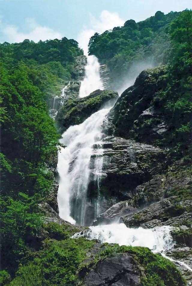 神龙飞瀑相对落差600米,瀑布流过山涧,穿过断崖,于古木森森掩映处,发出震耳欲聋的声音。
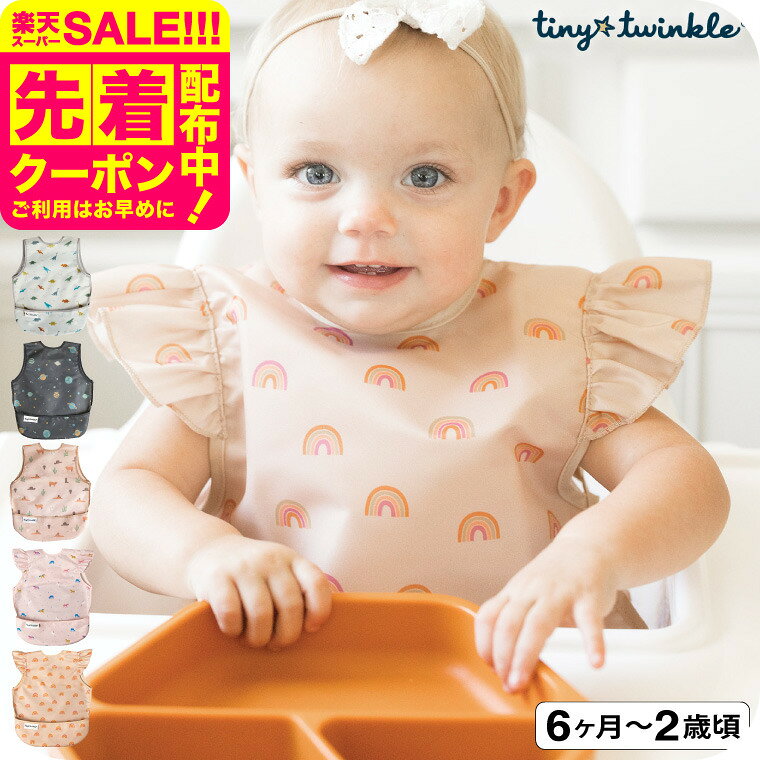 タイニートゥインクル エプロンビブ ラッフル TINYTWINKLE / ダイナソー カウボーイ スペース ユニコーン(ラッフル) レインボー(ラッフル) 軽量 コンパクト ロングタイプ 立体ポケット お絵描き サイズ調節 防水加工 洗濯機OK かわいい おしゃれ ベビー用品 251106
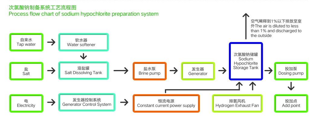 主要構(gòu)成部件: 軟水系統(tǒng)、鹽水精制系統(tǒng)、發(fā)生器系統(tǒng)、電源系統(tǒng)、儀表及控制系統(tǒng)、儲(chǔ)存及脫氫系統(tǒng)、次氯酸鈉投加系統(tǒng)。
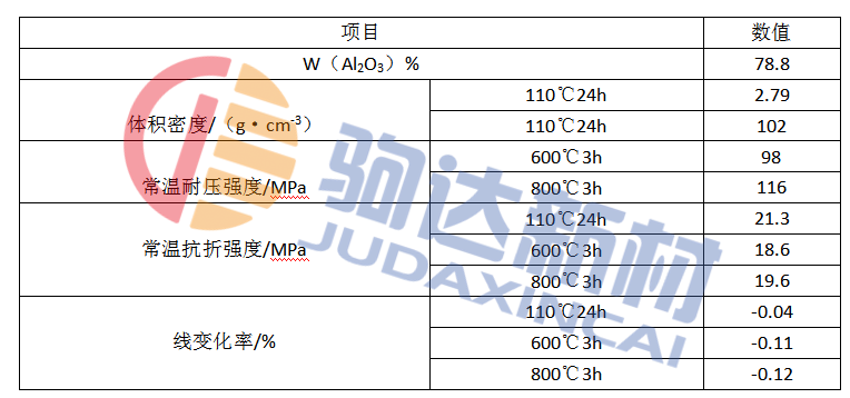 表1為所研制的鉛鋅流槽用低水泥高鋁澆注料的理化指標。
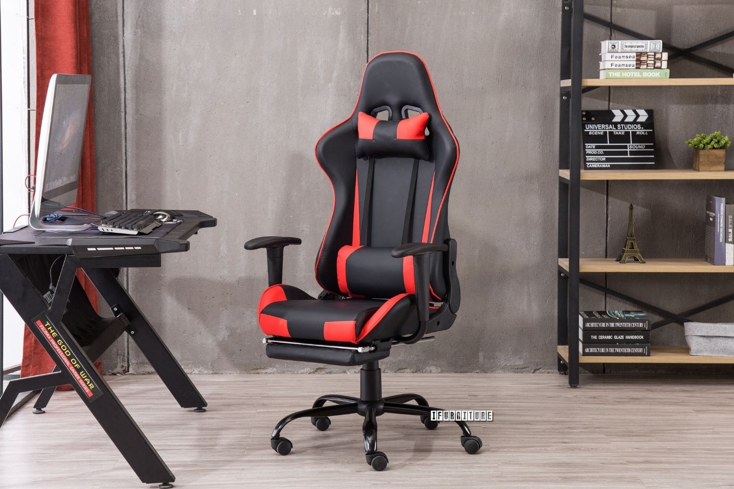 Looking for a gaming chair for your new gaming experience? RACER can enhance your gaming at home! It is not only the look, RACER is also ergonomic to support your long gaming hours. It is PVC upholstered in black and red with a padded seat for comfort. Your head and lower back are also supported with its adjustable headrest and lumbar cushion. When you need a break from tough shootings, simply slide out the footrest and recline back. When your energy is replenished, adjust back and continue gaming with ease. Ready to game? Game with RACER!
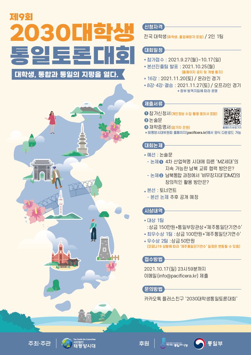▷문의사항 : 카카오톡 플러스친구 '2030대학생통일토론대회'
-----
The line containing "表1為所研制的鉛鋅流槽用低水泥高鋁澆注料的理化指標。" marks the end: retype every line from the first one in the listing up to and including it, without pictures.

Exercise answer -
 神龙飞瀑相对落差600米,瀑布流过山涧,穿过断崖,于古木森森掩映处,发出震耳欲聋的声音。
 タイニートゥインクル エプロンビブ ラッフル TINYTWINKLE / ダイナソー カウボーイ スペース ユニコーン(ラッフル) レインボー(ラッフル) 軽量 コンパクト ロングタイプ 立体ポケット お絵描き サイズ調節 防水加工 洗濯機OK かわいい おしゃれ ベビー用品 251106
 主要構(gòu)成部件: 軟水系統(tǒng)、鹽水精制系統(tǒng)、發(fā)生器系統(tǒng)、電源系統(tǒng)、儀表及控制系統(tǒng)、儲(chǔ)存及脫氫系統(tǒng)、次氯酸鈉投加系統(tǒng)。
 表1為所研制的鉛鋅流槽用低水泥高鋁澆注料的理化指標。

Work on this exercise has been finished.